Ружье стало ключом к Шелби. Оно было помечено инициалами его матери. «К» — Карпентер, «Ш» — Шелби, «Д» — Делайла. Я представил его ребенком в коротких штанишках, в курточке с большим кружевным воротником, декламирующим стихи для матери по имени Делайла.
Он сказал мне, что из ружья стреляли месяц назад. Он подстрелил из него зайца.
— Послушайте, Карпентер, — сказал я, — можете успокоиться. Если сейчас вы говорите правду, мы можем пройти мимо полдюжины ваших обманов, которые делают вас одним только придатком к фактам. Завтра будет слишком поздно.
Он посмотрел на меня, как будто я вслух сказал то, что думал о Делайле. Он никогда не станет ни свидетелем обвинения, ни отпрыском рода Шелби из Кентукки. Это была тайная уловка, на которую не мог согласиться ни один джентльмен.
Мне понадобилось три часа, чтобы объяснить ему разницу между джентльменом и обыкновенным негодяем. Потом он размяк и спросил, нельзя ли послать за адвокатом.

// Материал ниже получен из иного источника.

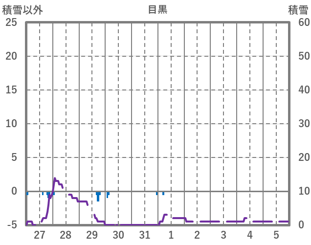 | 日 | 時 | 気温 | 降水 | 風向/風速 | 日照 | 積雪 | 降雪 |
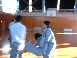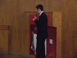 今年は、天候が雨となり避難場所がグラウンドから体育館に変更された。地震火災を想定し、スピーカから地震音がしばらく流れる。生徒は揺れがおさまるまで暫く待ち、放送の指示に従い体育館へ集合する。人員の確認が終了したあと、柏崎消防所より講評と指導をしていただいた。
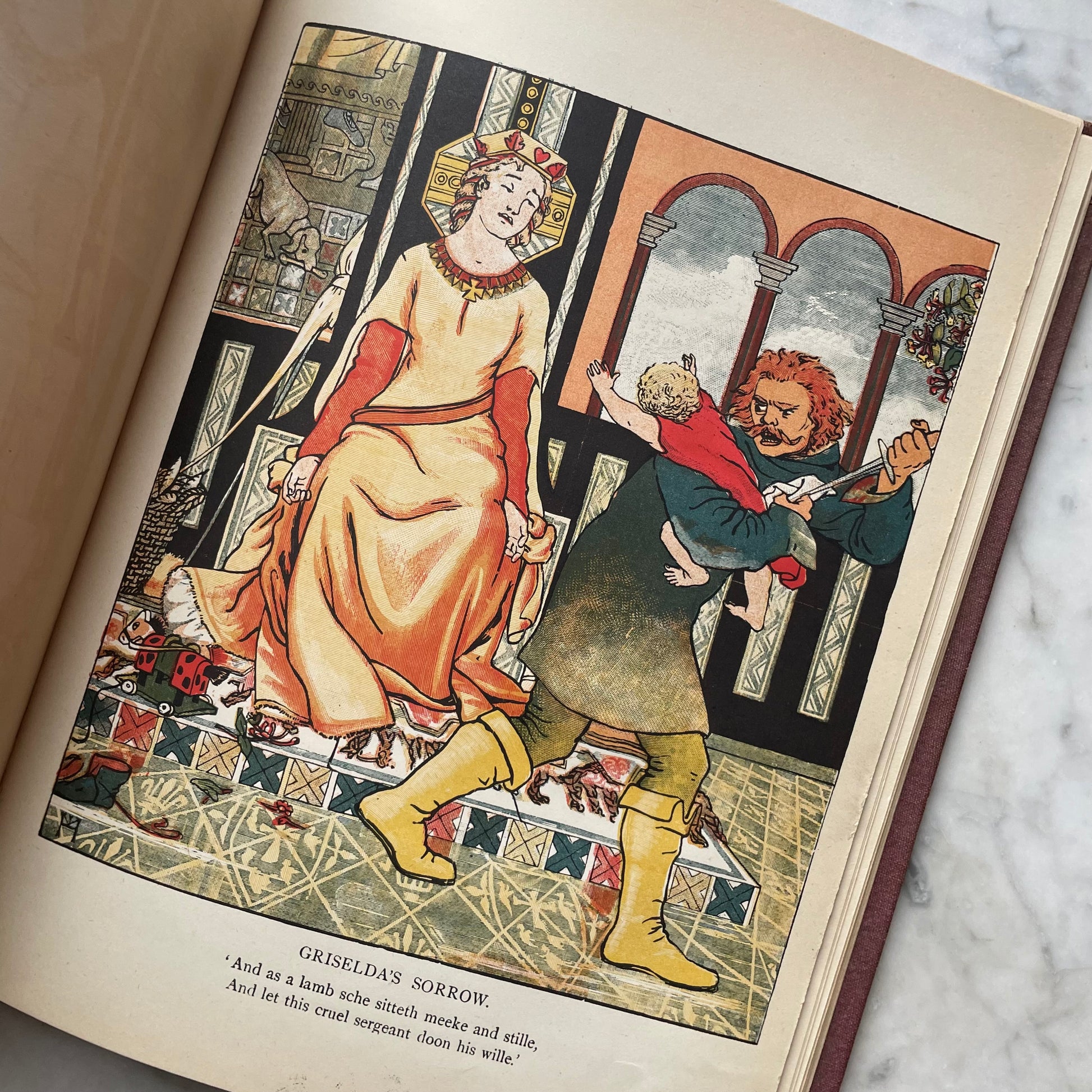 Stunning Victorian picture book in Middle English, a cheerful guide to Chaucer’s Canterbury Tales by Mrs. H. R. Haweis (Mary Eliza Haweis). I love that we have a female medievalist here! The book is filled with gorgeous full color lithograph prints reminiscent of Walter Crane. Condition is good overall with some fading to the cover and wear at the top of the spine.
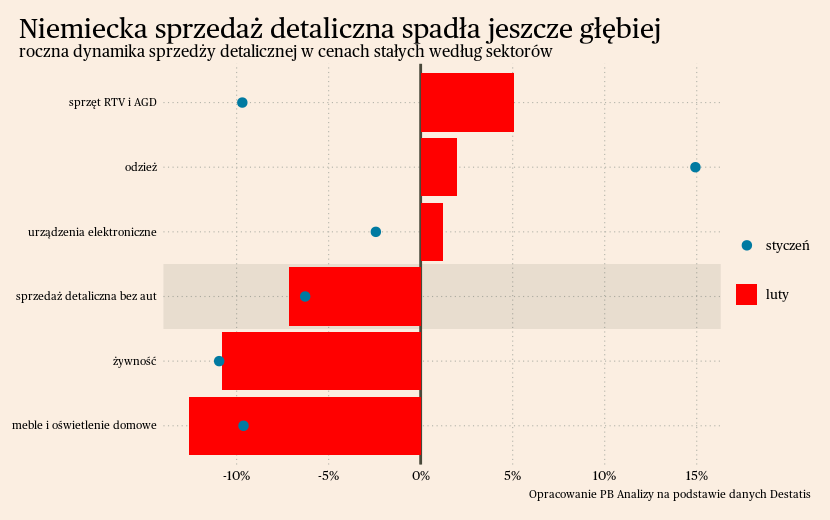 Sprzedawcy przejawiają znacznie mniej optymizmu niż przemysł. Roczna dynamika sprzedaży detalicznej spadła z -6,28 proc. w styczniu do -7,14 w lutym. Jest to odpowiednio trzeci i drugi najniższy wynik w historii szeregu czasowego, który sięga 1994 roku. Za gargantuiczny spadek odpowiada sprzedaż żywności, gdzie inflacja jest największa. Niemcy najprawdopodobniej przechodzą do tańszych wersji produktów, dokładając do negatywnej dynamiki sprzedaży. Mniejsze znacznie w tak negatywnym odczycie mają także meble. Sprzedaż w tej kategorii obrywa przez wysycenie rynku dobrami trwałymi po okresie pandemicznym (podsumowanie wskaźników makro dla Niemiec pokazane jest na Wykresach 2.-3. na dole).

Я оповестил Пребла о признании Шелби, потому что и с ним я вел игру. В международных отношениях это называется политикой умиротворения. С точки зрения Пребла, ружье и признание Шелби замыкали круг улик против Лоры. Она представала такой же виновной, как Рут Снайдер, мы уже тогда могли подозревать ее в убийстве. Быстрый арест, думал Пребл, повлечет за собой эффектное признание вины. И лавры полицейскому управлению во главе с энергичным заместителем комиссара полиции Преблом обеспечены…
Я понимал это так же четко, как если бы он сам выложил передо мной все свои карты. Дело было в пятницу, а в понедельник комиссар полиции возвращался из отпуска. У Пребла оставалось мало времени, чтобы обеспечить себе свою долю славы. Но поскольку Лора обнаружилась живая, дело это, бесспорно, требовало того, чтобы газеты освещали его на своих первых полосах, а радиоинформация охватывала всю страну, от одного океана до другого. Жена и дети Пребла ждали его в летнем отеле на Тысяче островов в предвкушении радиоинформации о том, что их отец распутал тайну убийства этого десятилетия.
У нас состоялся отчаянный спор. Мне необходимо было время, он требовал действий. Я называл его старым коренником в его политической партии, которую давно пора похоронить под кучей навоза. Он же на весь мир провозглашал, что я держусь за победившую на последних выборах и теперь находящуюся у власти партию, эту кучку проклятых красных, которые, не задумываясь, продадут страну за тридцать слитков московского золота. Я кричал, что он ведет свой род от тех индейских вождей, которые дали название его вонючей верноподданности, он отвечал, что я не задумаюсь переселить свою старую мать в Бауэри, квартал бродяг и бездомных, если посчитаю, что это поможет моей карьере. Не хочу передавать здесь все выражения, которыми мы обменивались, потому что, как я уже говорил, я не кончал колледжа и стараюсь, чтобы написанное моей рукой выглядело приличным.
Все закончилось вничью.
— Если вы не приведете мне убийцу, живого или мертвого, к завтрашнему утру…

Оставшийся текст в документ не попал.